LISTED RECORDS
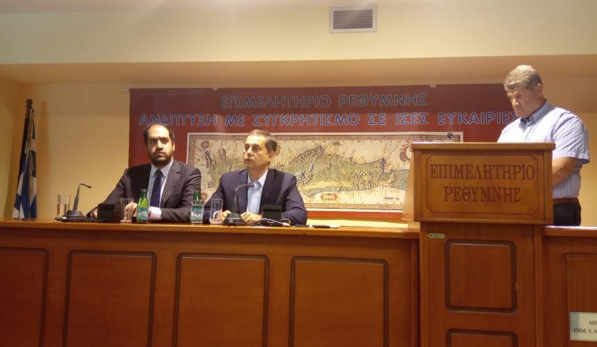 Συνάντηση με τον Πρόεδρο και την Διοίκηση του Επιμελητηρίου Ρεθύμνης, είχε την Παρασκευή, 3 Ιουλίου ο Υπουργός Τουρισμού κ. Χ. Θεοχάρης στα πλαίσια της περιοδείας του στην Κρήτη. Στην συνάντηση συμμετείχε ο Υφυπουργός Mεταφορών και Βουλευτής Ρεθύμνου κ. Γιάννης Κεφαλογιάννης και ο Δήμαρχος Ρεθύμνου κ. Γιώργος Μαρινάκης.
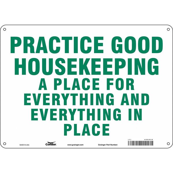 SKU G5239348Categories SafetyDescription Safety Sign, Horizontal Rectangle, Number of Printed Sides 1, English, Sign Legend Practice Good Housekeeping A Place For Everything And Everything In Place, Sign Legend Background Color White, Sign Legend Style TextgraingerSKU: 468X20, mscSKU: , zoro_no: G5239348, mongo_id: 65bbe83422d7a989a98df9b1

---

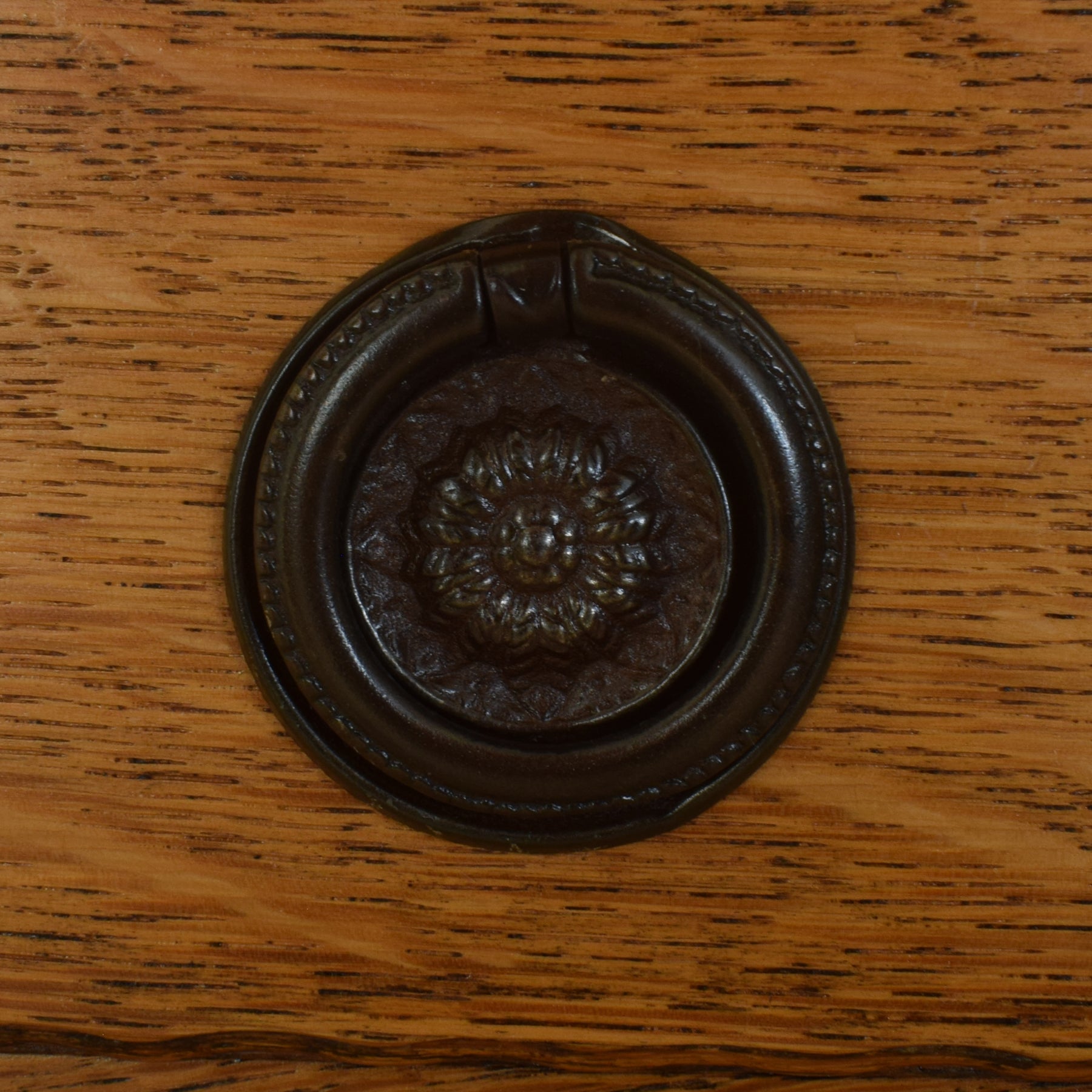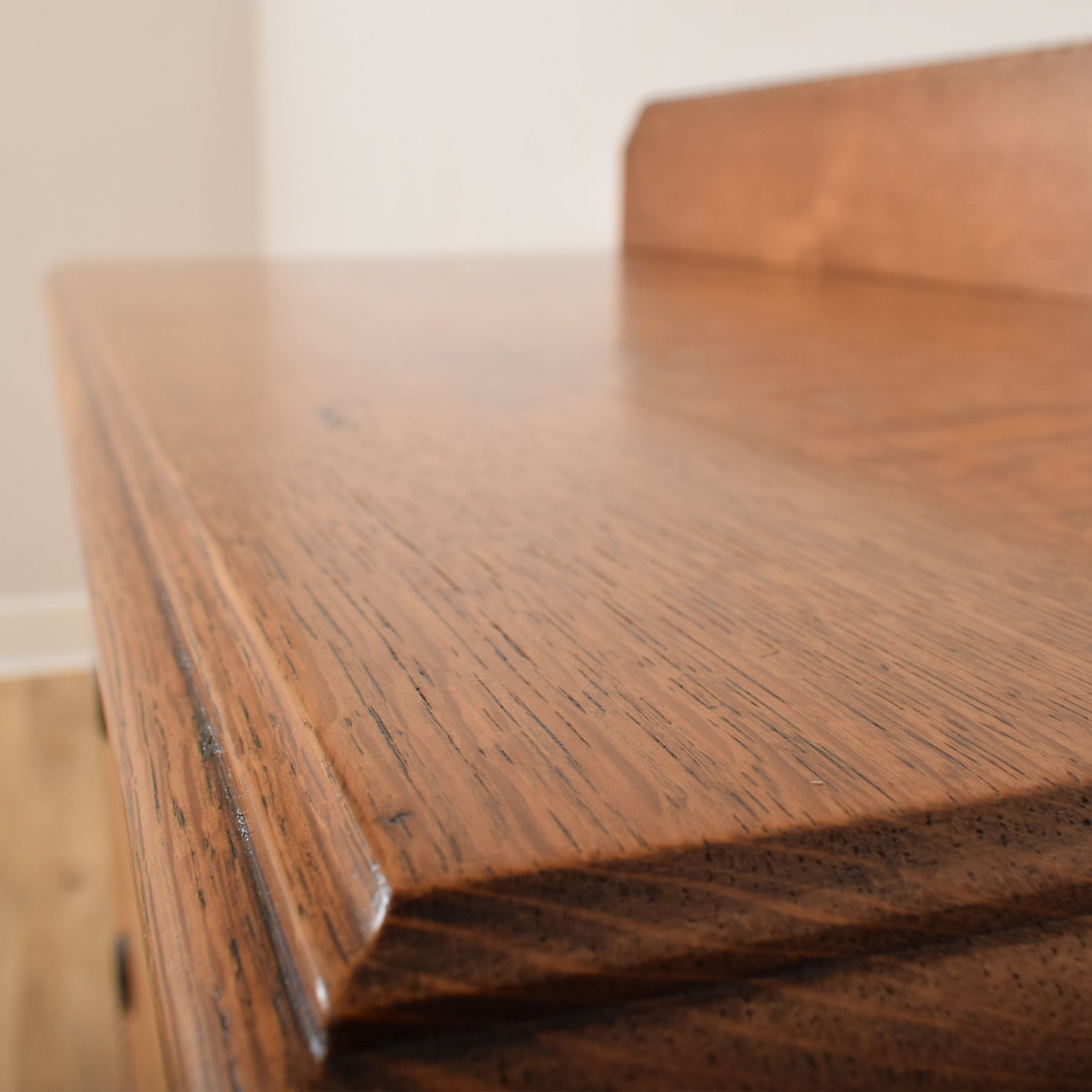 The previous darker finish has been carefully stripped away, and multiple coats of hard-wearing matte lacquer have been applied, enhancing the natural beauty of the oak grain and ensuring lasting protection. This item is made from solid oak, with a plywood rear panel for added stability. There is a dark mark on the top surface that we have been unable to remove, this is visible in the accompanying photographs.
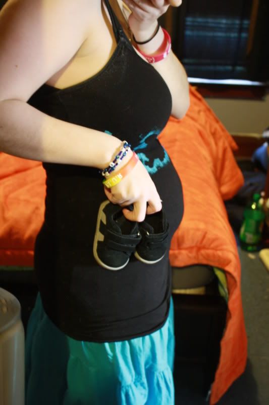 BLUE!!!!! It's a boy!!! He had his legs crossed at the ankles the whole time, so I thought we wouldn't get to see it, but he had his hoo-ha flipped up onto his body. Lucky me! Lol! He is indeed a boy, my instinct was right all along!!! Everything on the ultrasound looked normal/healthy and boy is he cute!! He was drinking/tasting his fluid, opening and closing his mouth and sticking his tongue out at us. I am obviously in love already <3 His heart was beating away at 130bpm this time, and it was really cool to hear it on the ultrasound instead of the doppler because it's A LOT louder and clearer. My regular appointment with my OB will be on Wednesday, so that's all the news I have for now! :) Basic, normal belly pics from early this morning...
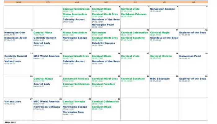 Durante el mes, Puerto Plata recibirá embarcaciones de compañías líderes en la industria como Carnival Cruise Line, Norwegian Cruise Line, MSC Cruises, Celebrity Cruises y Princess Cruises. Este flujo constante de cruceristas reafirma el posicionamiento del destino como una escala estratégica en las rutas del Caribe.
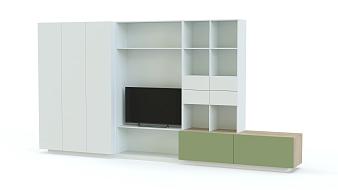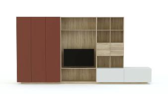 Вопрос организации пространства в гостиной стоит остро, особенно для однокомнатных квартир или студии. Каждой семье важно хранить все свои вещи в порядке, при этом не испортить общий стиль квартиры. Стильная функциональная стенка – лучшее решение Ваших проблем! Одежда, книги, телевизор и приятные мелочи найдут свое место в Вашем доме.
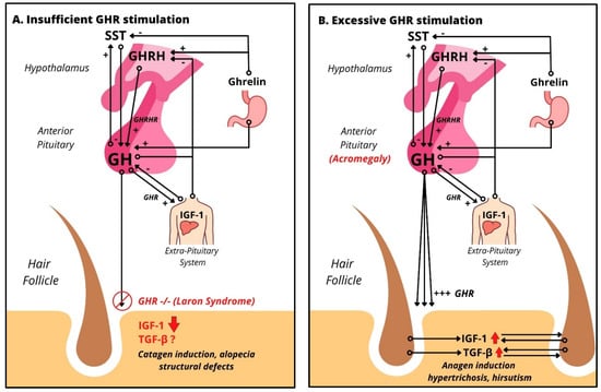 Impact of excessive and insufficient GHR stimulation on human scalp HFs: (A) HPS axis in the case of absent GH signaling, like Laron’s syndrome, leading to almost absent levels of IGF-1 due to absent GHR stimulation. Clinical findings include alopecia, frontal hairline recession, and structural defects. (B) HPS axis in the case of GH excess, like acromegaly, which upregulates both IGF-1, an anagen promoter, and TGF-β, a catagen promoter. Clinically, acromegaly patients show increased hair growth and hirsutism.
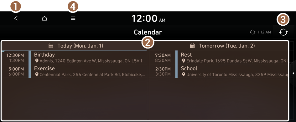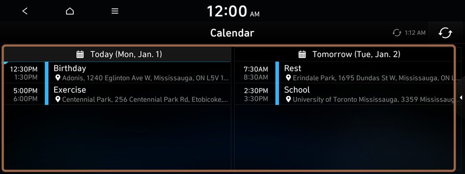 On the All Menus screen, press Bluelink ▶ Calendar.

WHAT THE TASK REQUIRES
From the entries above, copy exactly the lines starting at the one with "Вопрос организации пространства" and stopping at the one with "On the All Menus", keeping both ends. Drop the pictures.

FINAL ANSWER
 Вопрос организации пространства в гостиной стоит остро, особенно для однокомнатных квартир или студии. Каждой семье важно хранить все свои вещи в порядке, при этом не испортить общий стиль квартиры. Стильная функциональная стенка – лучшее решение Ваших проблем! Одежда, книги, телевизор и приятные мелочи найдут свое место в Вашем доме.
 Impact of excessive and insufficient GHR stimulation on human scalp HFs: (A) HPS axis in the case of absent GH signaling, like Laron’s syndrome, leading to almost absent levels of IGF-1 due to absent GHR stimulation. Clinical findings include alopecia, frontal hairline recession, and structural defects. (B) HPS axis in the case of GH excess, like acromegaly, which upregulates both IGF-1, an anagen promoter, and TGF-β, a catagen promoter. Clinically, acromegaly patients show increased hair growth and hirsutism.
 On the All Menus screen, press Bluelink ▶ Calendar.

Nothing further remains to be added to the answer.